Collection of the New-York Historical Society,
Brian Resnick The Atlantic
One hundred fifty years ago, the Civil War began and the fighting was brutal. Nearly 620,000 Union and Confederate soldiers lost their lives -- more Americans than in both World Wars combined. The armies needed men to refill rapidly declining ranks and used recruitment advertisements such as these as a means to find them. Like the posters in later wars, the propaganda in this gallery (mostly Union, as Confederate posters are rare) used patriotic effigies such as Lady Liberty to entice recruits. But in contrast with the inspiring messages from the 20th century, the text of these posters is much more blunt. The sentiment "Don't wait to be drafted" fills a line on almost every flyer. Those who enlisted received a bounty for their troubles, sometimes totaling several hundred dollars. Those who did not faced possible conscription. This, of course, led to the occupation of bounty jumping, in which men would sign up, collect the cash, desert the army, and repeat the process. Congress later outlawed bounties in 1917 with the Selective Service Act.
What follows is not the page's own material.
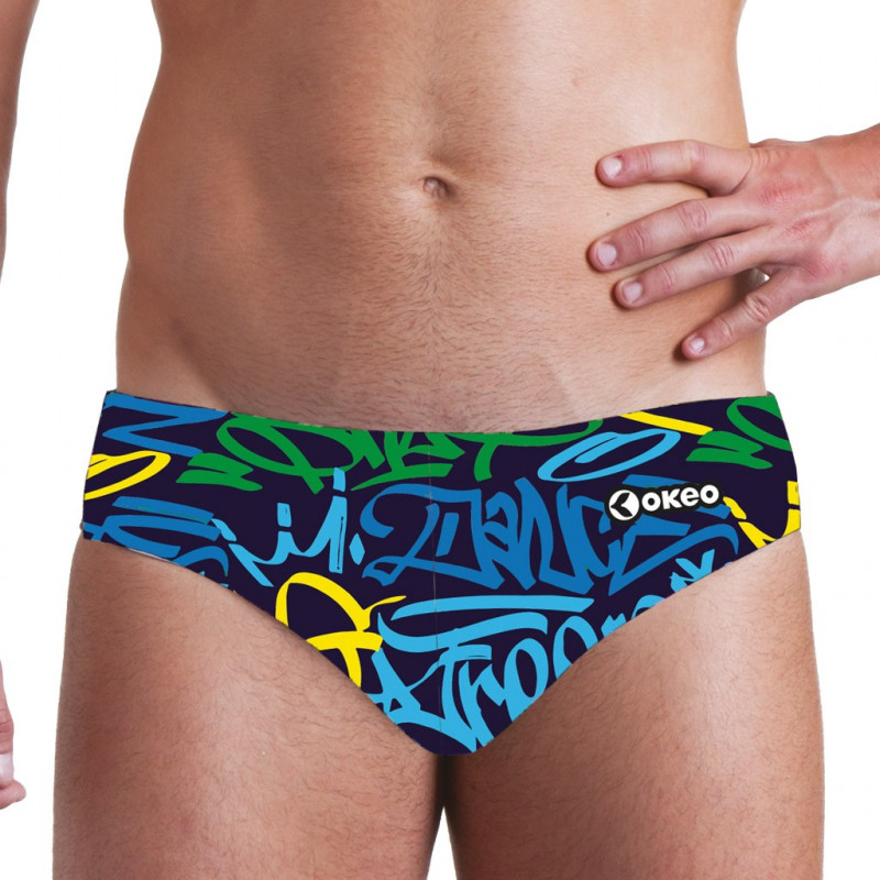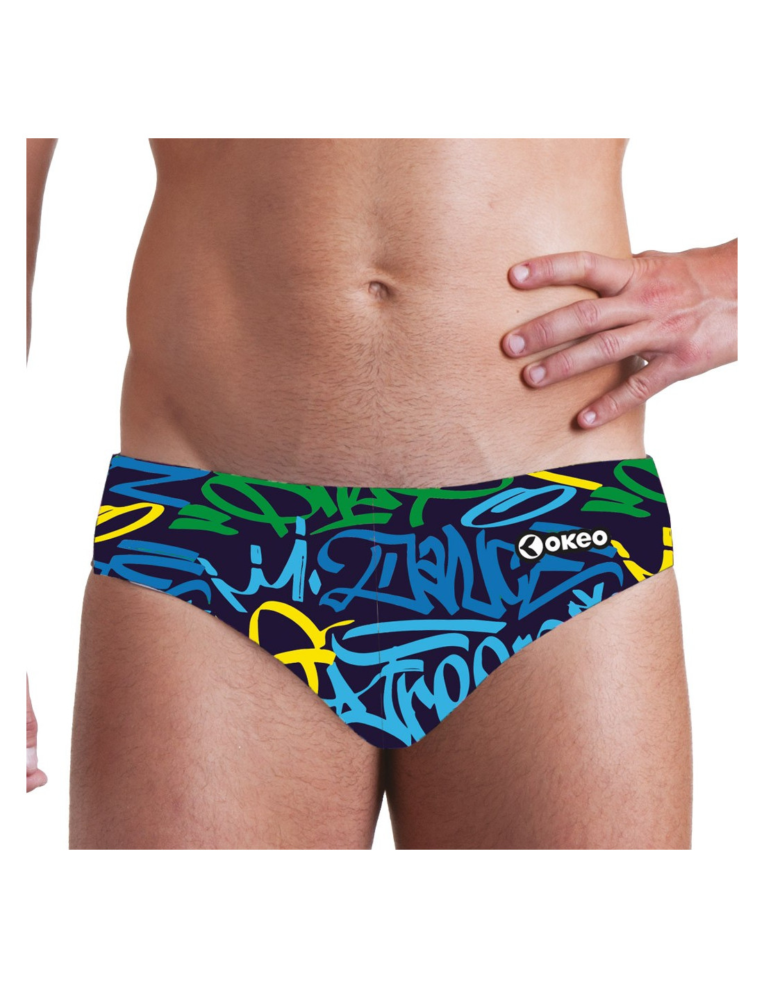 Die GERO Herren-Badehose aus gefüttertem Sidney Eco-Gewebe vereint Nachhaltigkeit und Komfort mit einem lebendigen Graffiti-Print in Blau und Gelb. Ideal für alle, die im Schwimmbad Wert auf einen unverwechselbaren Look und optimale Performance legen.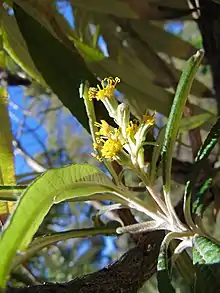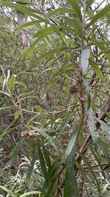 Bedfordia salicina is a common large shrub or small tree, 2–5 m (6 ft 7 in – 16 ft 5 in) tall and 2–3 m (6 ft 7 in – 9 ft 10 in) wide, in the family Asteraceae.[2] The central stem twists and bends in a mostly erect habit, with many lateral stems branching outwards and upward in a candelabra-like-fashion. Young wood of apical meristems are covered in silvery tomentum. Soft mesophyllic leaves have a dark green adaxial surface and a silvery abaxial covered in dense, matted, single layer of stellate hairs.[2][3][4] Leaves are alternate and arise from very short petioles (up to 8 mm (0.31 in)), are long (60–150 mm (2.4–5.9 in)) and moderately broad (10–18 mm (0.39–0.71 in)), oblanceolate and undulate with prominent midrib and subtending veins and slightly revolute margins.[2][5] Inflorescence an irregular panicle of 8-25 capitula which arise from the several upper leaf axils to form dense clusters of more than five bright yellow tubular disc florets and herbaceous phyllaries.[2][5] Flowers October through to December.[5] Fruits form an achene 3 mm (0.12 in) long through to March; old capitula remains year-round.[5]

The need for live bodies to fill regiments permeates these images. At the top of one poster is the bold-type command "Fill up the old regiments!", which begs the reader to ask, "What happened to the old regiments?" Some posters ask for recruits, while others use the more ominous terms "replacements" and "substitutes." Another poster asks for the wounded to reenlist in the "Invalid Corps," an army unit that performed basic garrison upkeep or hospital work.
The majority of these posters originate from New York, New Jersey, and Pennsylvania (courtesy of the Civil War Treasures Collection at the New York Historical Society) and reflect the area's then-growing immigrant population -- new Americans are urged to enlist in Irish or German regiments. Taken together, these signs tell the story of the war as it was seen by the people who signed up to fight it.